I mean, how much do you spend?

You know, who wants what?

It's not an arithmetic question.

Let me say this another way.

Nobody ever defaulted or had high inflation because of arithmetic, because they couldn't pay, because you couldn't have called in someone to know what to do.

They do it because of these political pressures.

And I think if AGI came that fast and that big, it would make the populism phenomenon that we're facing now seem like nothing.

If AI is going to be massively deflationary, if it makes all these goods so much cheaper,

should we be printing a bunch of money to still stick to 2% inflation?

Or does that not matter anymore?

We certainly can run monetary policy the same way.

So you don't automatically get deflation just because some goods are going down.

You can do things to increase demand so that there are upward pressures on the final prices.

Even if the AI workers are not demanding anything, you can put a lot of demand so the firms charge a lot.

And not just for the services that AI is replacing, their raw minerals and all the materials that go in.

You know, fundamentally, when you have productivity, it makes it easier for the monetary authorities, the Federal Reserve, to deliver low inflation and good growth.

That's what they're trying to do.

It makes their job easier.

And I think it takes the pressure off them somewhat to inflate because things are going pretty good.

And so there aren't the same pressures.

Trevor Burrus, Jr.: Right.

But should they be trying to fight the deflation at all in that world?

Because, you know,

we need inflation to root out the rentiers.

We got to fight downward wage rigidity.

But now the AIs have all the jobs, so you don't need to worry about that.

There's a bunch of biases that humans have, which to get rid of, we need inflation.

Do we even need that in the world with AI?

Okay, that is a very good point.

Frankly,

Keynes founded modern macroeconomics, and he was an incredible Renaissance person, just having sort of both sides of the brain.

And one of these insights he had that just transformed things.

And before, we just used these what we call general equilibrium models, demand, supply, prices move to keep them into line.

And Keynes was looking at the Great Depression and he said,

prices should be coming down.

And they're not.

And why aren't they?

And that's really a cornerstone.

And at the end of the day, it's mostly human behavior.

It's mostly workers.

So if you have these docile AI workers, they're not workers.

They're just, you know,

if you have firms that are willing to let the prices fall, you certainly can do that.

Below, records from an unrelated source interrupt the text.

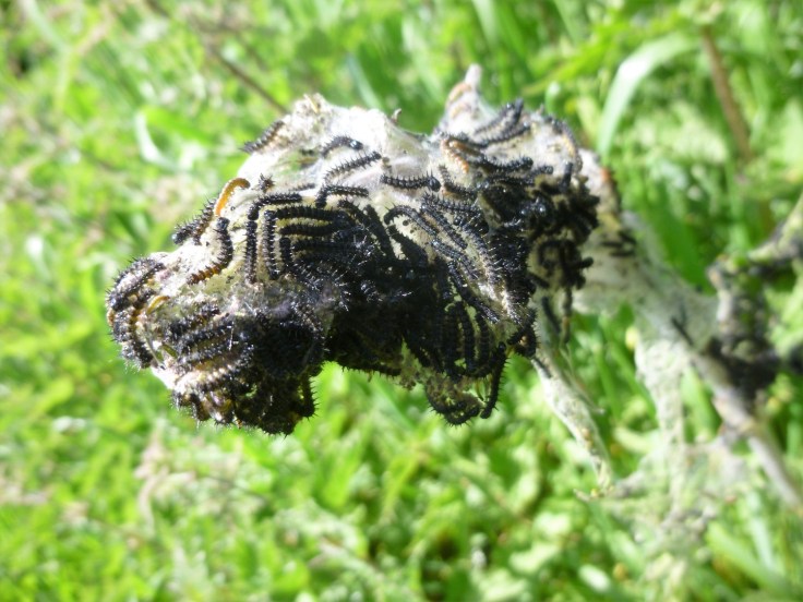 The peacock caterpillars in the nettles in Simpson’s Field are growing fast.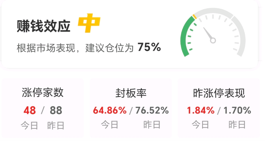 涨停个股数量方面,今日共有48只个股涨停,另有26只个股盘中一度触及涨停,整体封板率达到64.86%。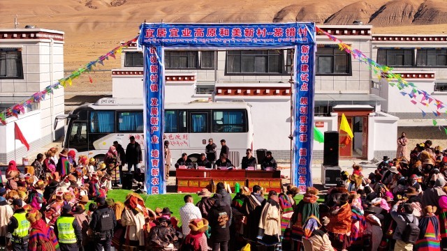 图为茶措村宜居宜业高原和美新村入住仪式现场,村民们身着民族服饰齐聚,现场正有序开展新居钥匙发放工作。改则县融媒体中心摄

I mean, we're still going to

still have some human workers.

I don't know.

But

I guess a question on what monetary policy should be is, do you think interest rates are going to to go up or down?

When we had deflation last time from this demand and deflation, which is what happened after the financial crisis and the pandemic, interest rates went down.

I mean, my intuition here is that interest rates would be needing to go up, real interest rates, real inflation interest rates.

And then

deflation is not such a problem.

You just don't need to let them go up as much.

When we were in the

interest rates went to zero, basically.

And

it's a whole nother line of discussion, but they felt they couldn't lower them into significant negative territory.

So they're sort of paralyzed.

There's this deflation or too low inflation.

Monetary authorities thought they knew how to create inflation, but that's always been by cutting interest rates lower.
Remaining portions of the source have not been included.